The development of magnesium-based materials for orthopaedic applications

Abstract

The currently used biomaterials for surgical implantation include stainless

steel, titanium and its alloys. However, due to the non-degradability and the

mismatch of the mechanical properties between these metallic implants and

human bone, there maybe a long-term adverse effect of inflammation or stress

shielding effect. This may lead to bone loss which brings with a higher risk of

implant failure. To avoid this problem, implants made of biodegradable

materials are the alternatives. Due to the poor mechanical properties of

biodegradable polymer especially for load-bearing area, biodegradable metal is

used instead. Magnesium is the potential candidate since it is degradable with

mechanical properties similar to human bone whilst magnesium ion is an

essential element to human bodies.

With the advantages of using magnesium for implantations, it can be

potentially used for fracture fixation implant and bone substitutes. However, its

rapid degradation and release of hydrogen gas may inhibit its use. Hence,

modification is required. In this project, plasma immersion ion implantation

and deposition (PIII&D) using aluminium oxide as the plasma source was

conducted on the magnesium alloys. The corrosion resistance properties of the

plasma-treated magnesium alloy were found to display significant

improvement in immersion test especially at early time points. The

plasma-treated sample was compatible with osteoblasts. Cells attached and

grew on the treated sample but not the untreated sample. The animal study

showed consistent results with the cell study, and there was a significant

increase in bone formation around the treated sample when compared to the

untreated sample.

The other potential application of magnesium is its usage as a bone

substitute. Due to the limitations of autografts and allografts, synthetic bone

substitutes are developed. The ideal bone substitutes should have similar

properties to those found with autografts. However, no such bone substitutes

presently exist; hence, a novel hybrid material is fabricated in this project

through the addition of magnesium granules into a biodegradable polymer

polycaprolactone (PCL). The immersion test showed that an apatite layer

composed of magnesium, calcium, phosphate and hydroxide was formed on the

hybrids but not on pure PCL, which suggested that the hybrids were

osteoinductive and osteoconductive. The compression test showed that the

mechanical properties were enhanced with the incorporation of magnesium

granules into pure PCL and were still maintained after 2 months of immersion.
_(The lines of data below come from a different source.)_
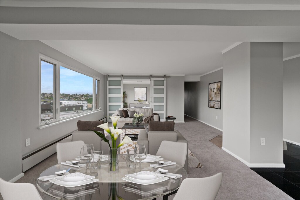 Welcome to urban living at its finest! This exquisite 2 bedroom and 1.75 bathroom penthouse flooded with natural light, expansive living/dining rm perfect for relaxation or entertaining. Enjoy two large private outdoor terraces perfect for entertaining, gardening, or just taking in the Seattle Skyline. Renovated master bedroom maximizes views. Two gated parking spots. Laundry in unit. Solid concrete/steel building – very quiet. The building is located at the vibrant intersection of First Hill and Capitol Hill. Unparalleled wrap-around vistas of downtown - Space Needle, Lake Union, Cascades & more! Walk to Pike/Pine, Broadway & Seattle's Best. Easy access to Public Transit and freeways.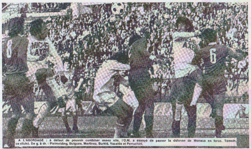 Le match traînait..., traînait dans le désordre devant des spectateurs visiblement désenchantés. L'O.M. n'arrivait pas à trouver ses marques devant la plus faible équipe de Monaco jamais vu au stade vélodrome. Il ne restait que sept minutes à jouer. On voyait déjà poindre à l'horizon le premier match nul de la saison quand enfin, se produisit l'événement attendu impatiemment par le public depuis le début du match. Sur un coup franc, tiré par Emon, le ballon fut mal dévié par le mur monégasque. Yazalde surgit et marqua, à bout portant, le but de la victoire. À quelques minutes près, le scénario était le même que celui du récent match contre Strasbourg. Le plus ennuyeux et que ce but de raccroc illustra parfaitement l'ensemble de la partie. L'O.M. méritait de gagner au bénéfice d'une domination presque constante bien que brouillonne, mais le public se retira grandement déçu. On ne devait pas entendre quand M. Hélies renvoya les deux équipes aux vestiaires le traditionnel : "On a gagné !" Sans doute cette victoire est-elle précieuse dans la mesure où elle permet à l'O.M. de rester dans le peloton lancé à la poursuite du trio de tête. Mais nous sommes à Marseille et il ne faut pas se dissimuler que les supporters olympiens attendent beaucoup mieux de leur équipe. DEUX FOIS LE POTEAU La première mi-temps aurait été désolante si elle n'avait été ponctuée par deux tirs olympiens sur le poteau. Le premier par Emon sur coup franc, le deuxième grâce à la tête de Yazalde reprenant un centre de la gauche du même Emon. Le reste ne mérite pas d'être noté, tellement les deux équipes se complurent dans l'à-peu-près, l'imprécision et le manque d'organisation tactique. Comme on le dit populairement "le ballon semblait fada". En deuxième mi-temps, le niveau du match ne s'éleva pas beaucoup et si Monaco n'a pas vous obtenu le match nul qu'il était venu chercher, il doit essentiellement à un tout petit jeu d'attaque indigne de la réputation de footballeur comme Pastorazzi, Onnis et Lechantre, qui ne furent que l'ombre d'eux même. LA VITESSE SANS PRÉCISION L'O.M. a montré à la fois son extrême bonne volonté et ses limites. Il est impossible à cette équipe de tempérament plus que de grande technique, d'accélérer la cadence du jeu sans sombrer dans l'imprécision. |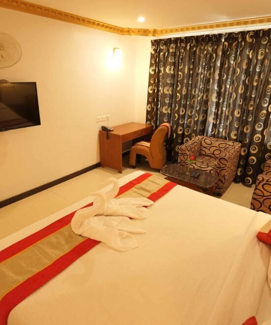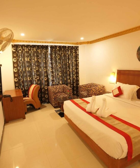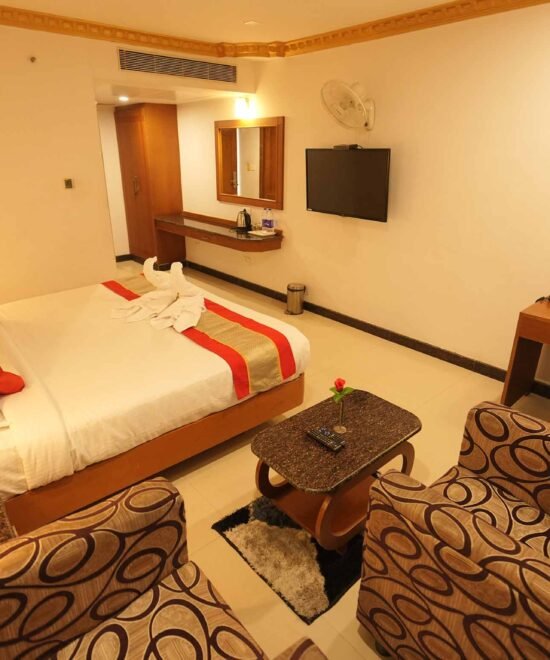 Designed for business travelers and short stays, our Executive Rooms offer a well-planned 225 sq. ft. space featuring a comfortable King Size Bed, attached bathroom, and a cozy seating area with two sofas. A reading table with chair, tea pot table, wardrobe with hangers, and powder table with mirror ensure convenience throughout your stay.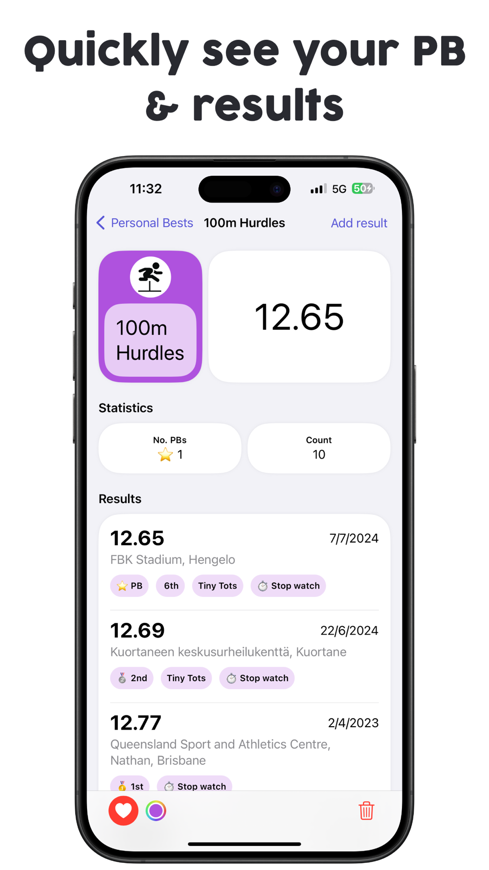 PB Tracker makes it effortless to record and manage all your personal bests in track & field. Whether you’re a sprinter, distance runner, hurdler, or jumper, PB Tracker keeps all your achievements in one place. Simply input your event results, and the app will automatically track your personal bests, so you’ll never lose sight of your progress.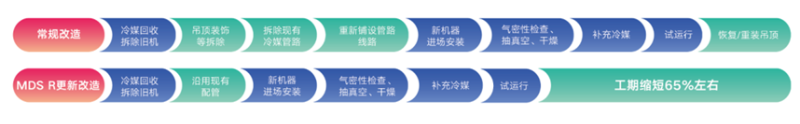 MDS R更新用多聯(lián)機(jī)可減小拆卸、重新安裝的繁冗工程量,可以沿用老舊工程配管、電氣配線及原有室內(nèi)機(jī)。大幅減少了工程量,老舊工程改造施工周期縮短約65%,避免因施工產(chǎn)生大量廢棄物,更加節(jié)約環(huán)保。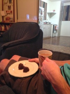 The original recipe suggests using chocolate melts/baking buttons as the entire chocolate component, however I find that even the dark choc kind can be too sweet on their own. Instead, I used semi-sweet chocolate (Whittakers Dark Ghana, mmmmm…) to coat the truffles with, keeping the dark choc buttons as part of the inner truffle mixture. Nathan had no complaints, which is good enough for me!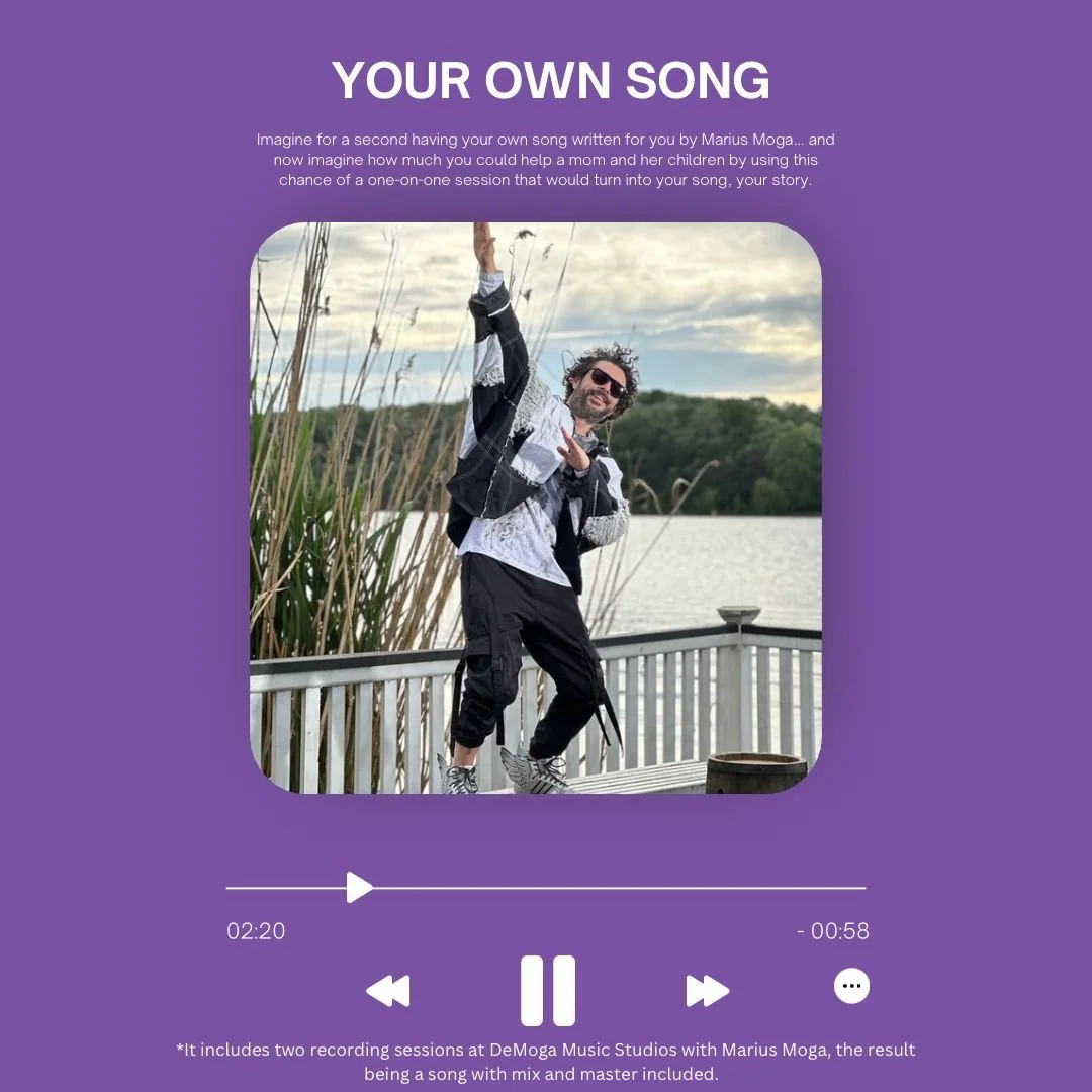 LOT 104: Cum ar fi să ai propria melodie compusă de Marius Moga și, în același timp, să ajuți o mamă să fie mai sănătoasă? Pachetul pe care îl poți achizitiona include două sesiuni one-on-one de înregistrări la DeMoga Music Studios, din care va rezulta o melodie care să îți aparțină.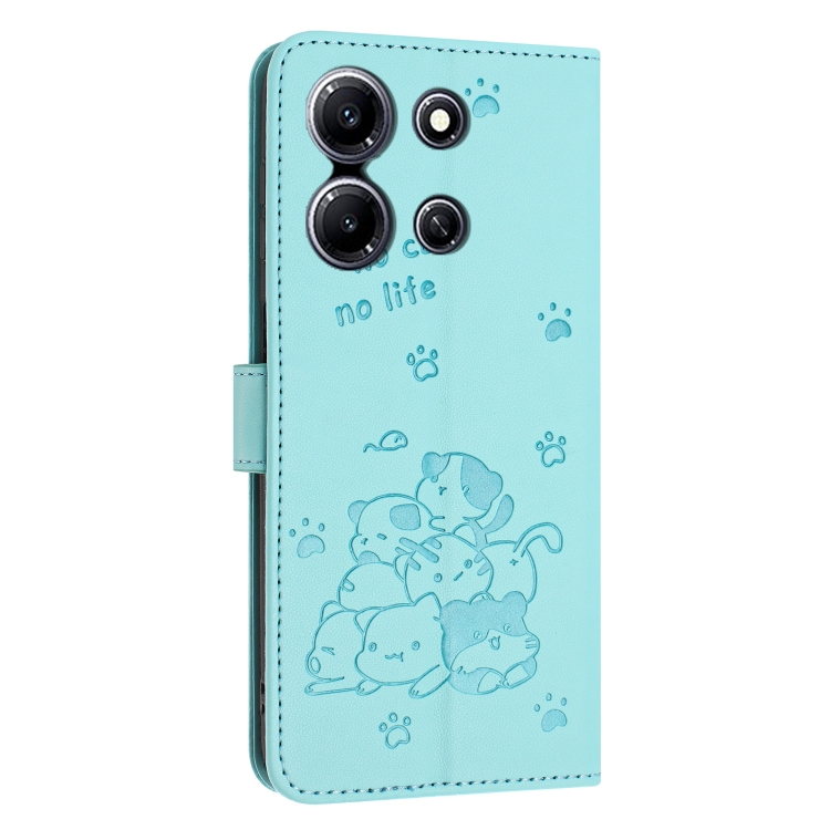 Funda de Cuero Infinix Note 30I con Diseño de Gatito en Relieve y Cordón (Verde Menta)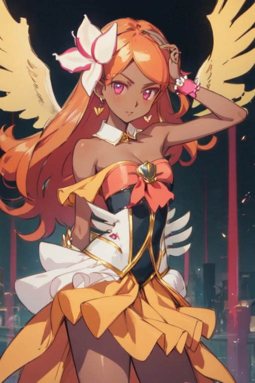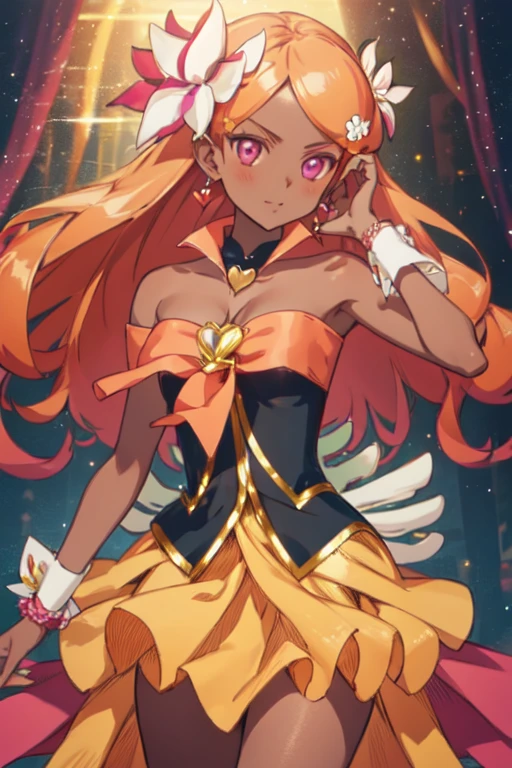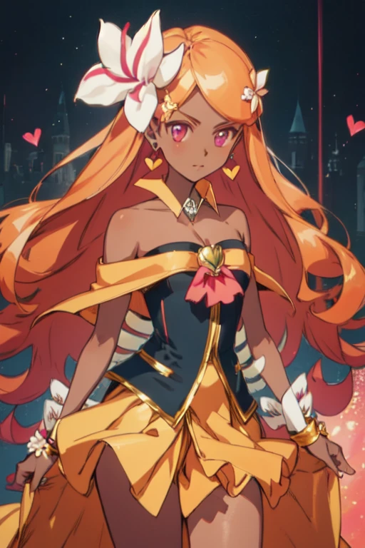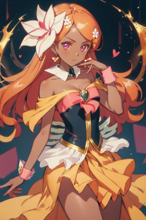 CureSunset, 1girl, solo, long hair, orange hair, hair ornament, jewelry, earrings, hair flower, dark skin, pink eyes, dark-skinned female, wrist cuffs, magical girl, heart brooch, yellow skirt, bare shoulders, detached collar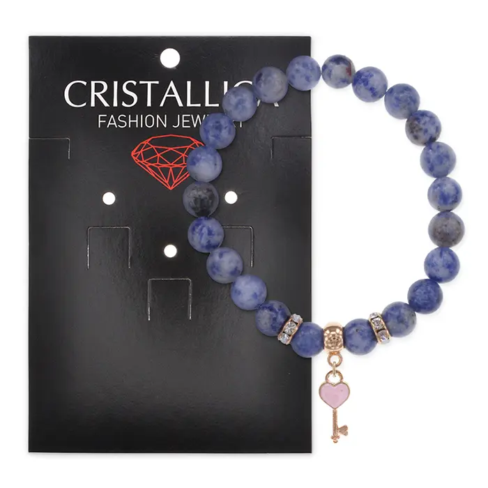 Браслет Ключ Сердце (счастье, любовь) нат.кам. Содалит 8мм BS-CR-1278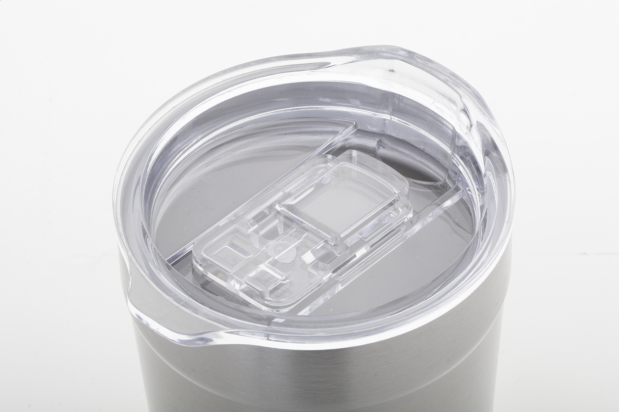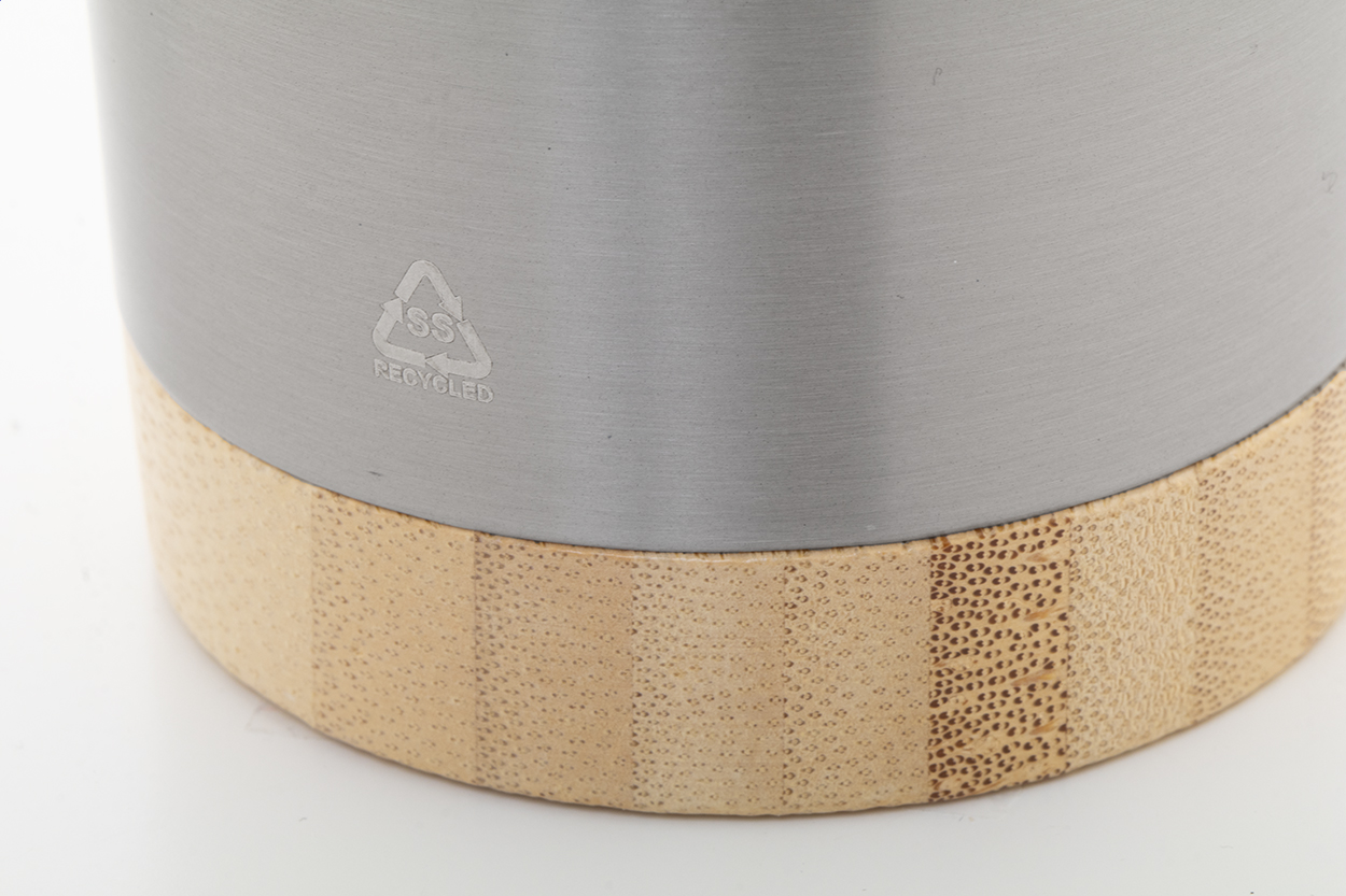 Bicchiere termico da 600ml. a doppia parete, in acciaio inox riciclato con base in bambù e coperchio in plastica AS.

Osteoblasts grew well on the PCL-Mg hybrids. The addition of smaller

amounts of magnesium granules (0.1g PCL-Mg) resulted in higher ALP

activity and up-regulation of different bone markers when compared to the

pure PCL. Finally, the animal studies showed that more new bone formation

was found around the 0.1g PCL-Mg hybrids especially at early time points,

which suggested that the healing time could be shortened.

In conclusion, fracture fixation implants and novel bone substitutes based

on magnesium were developed in this project. The aluminium oxide coating

was able to improve the corrosion resistance properties of magnesium alloy by

suppressing the release of magnesium ions. The PCL-Mg hybrids were found

to be biodegradable, biocompatible, osteoconductive, osteoinductive and

mechanically matched to human bone properties.